Background technique
Traditional school instruction and education product can not accumulate large-scale student individuality learning data in a short time,
Therefore develop in the analysis of teaching data more slowly, and existing instruction analysis method is mainly based upon student examination achievement
Determine students ' learning performance, index is single and can not rule out a lot of other influencing factors, for example can not judge the road student Zuo Duimou
Topic is because student has hit it and answer or grasped this knowledge point.Teacher can not be according to this method to duration of giving lessons, and religion
It learns content emphasis point or content is optimized.It cannot achieve the progress that teaching plan is led by teaching data.It is open
Number for CN201711191614.2 patent application disclose a kind of on-line study effect evaluating method, itself the following steps are included:
Obtain user's learning records data;It obtains the learning effect that user proposes and evaluates and tests request;It is found out pair according to the learning Content of user
The test examination question is showed user by the test examination question answered;Obtain the script that user submits;Calculate test result, knot
It shares family learning records, test examination question and test result to be analyzed and assessed, obtains the assessment result of learning effect;It will be described
Assessment result is sent to user.This scheme can realize the index for measuring students ' learning performance by web terminal.But the program according to
So student can not cannot be provided to the grasp feelings of concrete knowledge point to the habit effect of course or class time by students ' immediately
Condition.Therefore, a kind of novel self-adaptive teaching system how is developed, is that those skilled in the art need to overcome the above problem
The direction to be studied.
Summary of the invention
It, can quickly abnormal rate be high in positioning teaching content the object of the present invention is to provide a kind of self-adaptive teaching system
Knowledge point targetedly adjusts the teaching resource of investment, improves teaching job efficiency, excavates the teaching potentiality of teacher.

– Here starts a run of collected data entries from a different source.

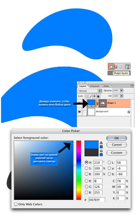(Перо) (P) в режиме shape layers (слой фигура), создадим абстрактную форму, которую вы видите на рисунке ниже. Меняем цвет формы, дважды кликнув по миниатюре слоя, на голубой #017eff.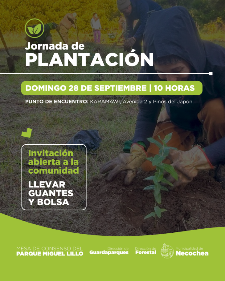 La convocatoria es para este domingo 28 de septiembre a partir de las 10 de la mañana en el complejo Karamawi, en Avenida 2 y Pinos del Japón, donde vecinos, familias y voluntarios podrán sumarse a la plantación de nuevas especies. Los organizadores recomiendan llevar guantes y bolsas para colaborar en las tareas de reforestación y limpieza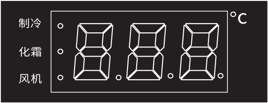 11、數(shù)碼顯示:三位數(shù)碼管+狀態(tài)指示燈<設置燈;制冷燈;化霜燈;風機燈>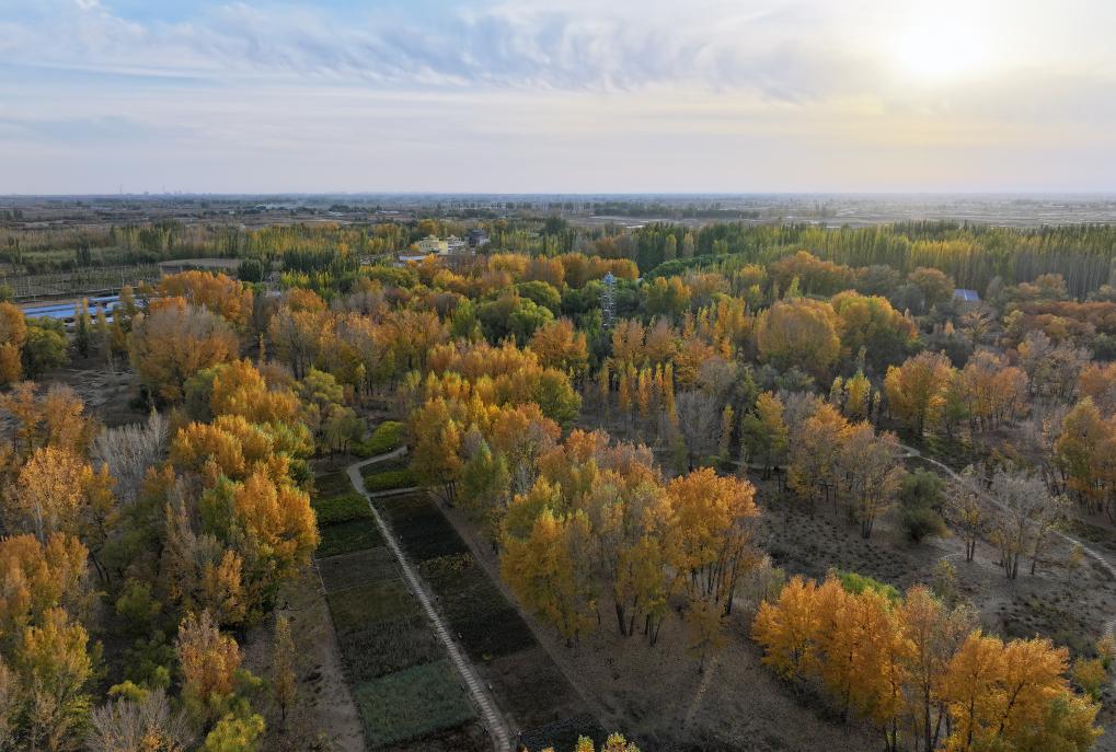 2024年10月17日拍摄的内蒙古巴彦淖尔市临河区国营新华林场(无人机照片)。新华社记者李云平 摄

The technical scheme adopted is as follows:
A kind of self-adaptive teaching system comprising: memory module, management module, logging modle, interactive module screen mould
Block and analysis module.Memory module is for storing teaching exercise and the corresponding knowledge point of each teaching exercise;Management module is for remembering
Record and management student information;Logging modle is used to receive and store student to the answer data of teaching exercise;Interactive module is used for
Receive the screening index and analysis indexes of user's input;Screening module is used for the screening index according to input, reads answer data
And it screened and is marked, generated and export garbled data;Analysis module is used for the analysis indexes according to input, reads sieve respectively
Modeling block and memory module carry out analytical calculation to garbled data and export analysis result.
By using this scheme:
Preferably, in above-mentioned self-adaptive teaching system: further including visualization model, the visualization model is for reading
Analysis module is shown according to analysis result generation visual image.
By using this technical solution: being shown according to visualization tool to analysis result, facilitate teacher users can
More intuitive and perceptual observation and analysis result.
It is further preferred that in above-mentioned self-adaptive teaching system: the visualization model uses Tableau server.
It is further preferred that in above-mentioned self-adaptive teaching system: the screening module uses kettle.
The present invention is based on above-mentioned self-adaptive teaching systems, further disclose a kind of adaptive student's study effect of suitable measurement
The analysis method of fruit
The technical scheme adopted is as follows:
A kind of suitable analysis method for measuring adaptive students ' learning performance comprising following steps: S1: student login is certainly
Adaptation system carries out answer to teaching exercise, the answer data are automatically stored in logging modle;S2: user input screening index, according to
The answer data stored in logging modle are screened and marked according to the screening index, form garbled data;S3: user's input
Analysis indexes, analysis module read garbled data, carry out analytical calculation to garbled data, and export analysis result;S5: user reads
Analysis is taken as a result, adjusting the content of courses according to the analysis result.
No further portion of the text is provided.